Alzheimer's Disease: The Role of Microglia in Brain Homeostasis and Proteopathy

Abstract

Brain aging is central to late-onset Alzheimer's disease (LOAD), although the mechanisms by which it occurs at protein or cellular levels are not fully understood. Alzheimer's disease is the most common proteopathy and is characterized by two unique pathologies: senile plaques and neurofibrillary tangles, the former accumulating earlier than the latter. Aging alters the proteostasis of amyloid-β peptides and microtubule-associated protein tau, which are regulated in both autonomous and non-autonomous manners. Microglia, the resident phagocytes of the central nervous system, play a major role in the non-autonomous clearance of protein aggregates. Their function is significantly altered by aging and neurodegeneration. This is genetically supported by the association of microglia-specific genes, TREM2 and CD33, and late onset Alzheimer's disease. Here, we propose that the functional characterization of microglia, and their contribution to proteopathy, will lead to a new therapeutic direction in Alzheimer's disease research.

Keywords: Alzheimer's disease; amyloid-beta peptide; microglia; neurodegeneration; neuroinflammation; proteopathy; tau protein.

Figure 1

Described are five steps of apoptotic cell clearance via phagocytes. Trace chemicals and molecules associated with cell necrosis and apoptosis stimulate the chemotaxis of phagocytes up their concentration gradient to the source.
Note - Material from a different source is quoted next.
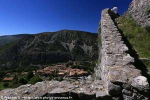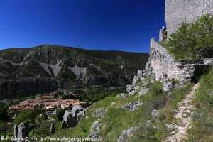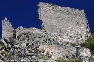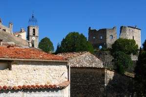 | les ruines du château de Basses Gréolières et l'église du village |
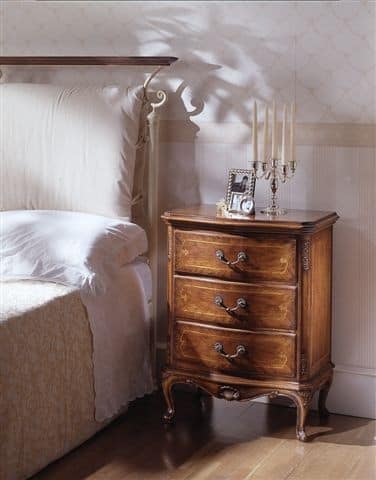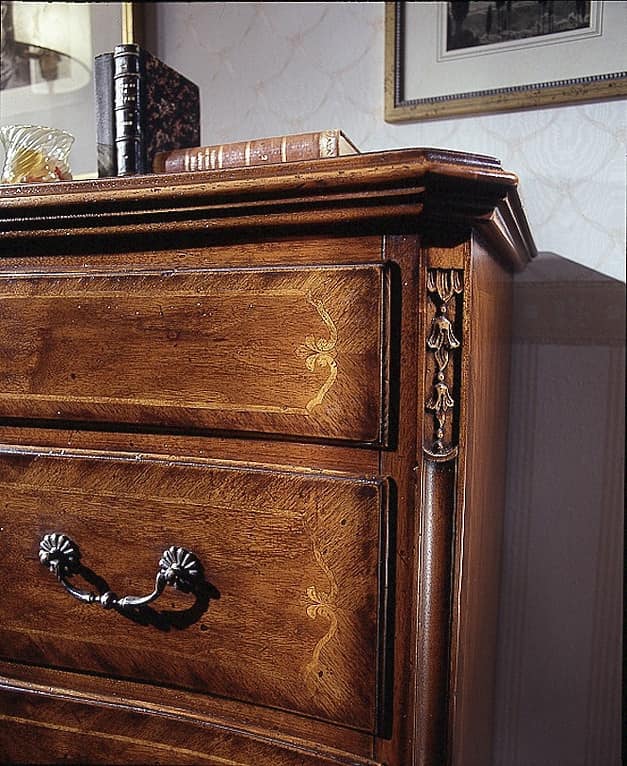 I comò e comodini della collezione Maser sono arricchiti da intagli e intarsi.

From there, the phagocyte engulfs the apoptotic debris and begins degradation. Eventually, it will release anti-inflammatory and reparative signals such as TGF-β, IL-10, and PGE2. In neurodegenerative diseases of protein aggregation, protein seed aggregates are packaged into exosomes where they can be shuttled to different regions of the CNS.

Figure 2

Three common microglia phenotypes are described. Homeostatic microglia are found in the adult brain under non-infectious, non-diseased, and non-aged conditions, exhibiting robust expression of homeostatic microglial markers: Tmem119, P2ry12, Tgfbr1, and transcription factor Sall1. During normal aging, homeostatic markers gradually decline, resulting in reduced functional aspects, including proliferation, phagocytosis, ramification, and cytokine secretion. Finally, there is a distinct microglia phenotype that is associated with neurodegeneration that possesses a more exacerbated dystrophic phenotype, but is specifically associated with plaques and dystrophic neurites that cause neurodegeneration.